## Assignment
Each line of the material should be set down exactly. Pictures are not part of the copy.

## Stored data
-*-

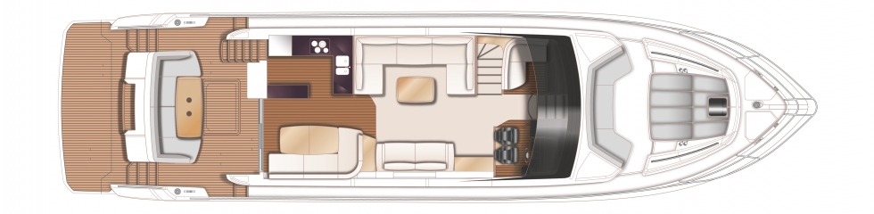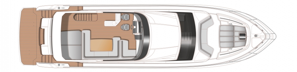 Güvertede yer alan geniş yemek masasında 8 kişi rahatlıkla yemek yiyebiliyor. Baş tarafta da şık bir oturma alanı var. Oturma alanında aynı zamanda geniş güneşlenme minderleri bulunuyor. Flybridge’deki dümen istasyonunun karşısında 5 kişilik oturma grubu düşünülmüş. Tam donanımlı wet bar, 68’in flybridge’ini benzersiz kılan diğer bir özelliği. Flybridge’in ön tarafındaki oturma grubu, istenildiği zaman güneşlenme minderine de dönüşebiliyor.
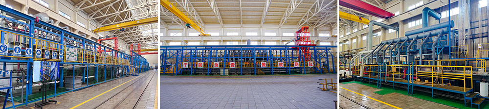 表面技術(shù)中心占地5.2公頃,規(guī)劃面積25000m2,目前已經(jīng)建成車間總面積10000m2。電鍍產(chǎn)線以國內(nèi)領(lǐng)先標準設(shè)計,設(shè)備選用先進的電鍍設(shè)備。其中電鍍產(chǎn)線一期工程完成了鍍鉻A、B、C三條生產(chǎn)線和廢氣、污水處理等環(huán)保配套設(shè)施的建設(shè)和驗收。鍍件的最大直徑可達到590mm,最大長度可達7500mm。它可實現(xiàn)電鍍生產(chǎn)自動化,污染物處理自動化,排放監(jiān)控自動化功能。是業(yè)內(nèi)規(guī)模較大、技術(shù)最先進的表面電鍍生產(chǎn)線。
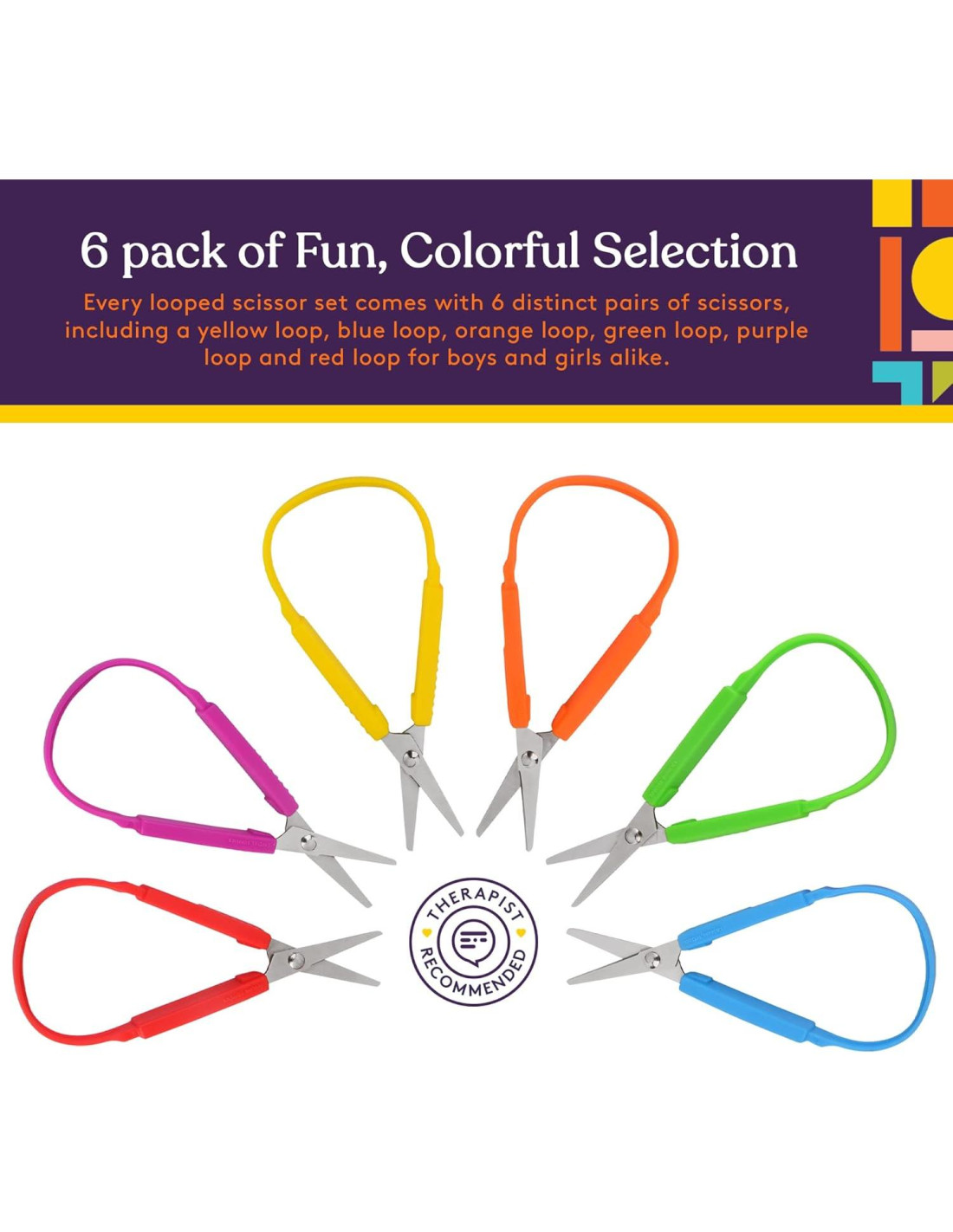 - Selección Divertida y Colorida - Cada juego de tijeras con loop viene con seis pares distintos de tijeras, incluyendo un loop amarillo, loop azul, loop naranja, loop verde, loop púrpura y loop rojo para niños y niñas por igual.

-*-

## Reply
 Güvertede yer alan geniş yemek masasında 8 kişi rahatlıkla yemek yiyebiliyor. Baş tarafta da şık bir oturma alanı var. Oturma alanında aynı zamanda geniş güneşlenme minderleri bulunuyor. Flybridge’deki dümen istasyonunun karşısında 5 kişilik oturma grubu düşünülmüş. Tam donanımlı wet bar, 68’in flybridge’ini benzersiz kılan diğer bir özelliği. Flybridge’in ön tarafındaki oturma grubu, istenildiği zaman güneşlenme minderine de dönüşebiliyor.
 表面技術(shù)中心占地5.2公頃,規(guī)劃面積25000m2,目前已經(jīng)建成車間總面積10000m2。電鍍產(chǎn)線以國內(nèi)領(lǐng)先標準設(shè)計,設(shè)備選用先進的電鍍設(shè)備。其中電鍍產(chǎn)線一期工程完成了鍍鉻A、B、C三條生產(chǎn)線和廢氣、污水處理等環(huán)保配套設(shè)施的建設(shè)和驗收。鍍件的最大直徑可達到590mm,最大長度可達7500mm。它可實現(xiàn)電鍍生產(chǎn)自動化,污染物處理自動化,排放監(jiān)控自動化功能。是業(yè)內(nèi)規(guī)模較大、技術(shù)最先進的表面電鍍生產(chǎn)線。
 - Selección Divertida y Colorida - Cada juego de tijeras con loop viene con seis pares distintos de tijeras, incluyendo un loop amarillo, loop azul, loop naranja, loop verde, loop púrpura y loop rojo para niños y niñas por igual.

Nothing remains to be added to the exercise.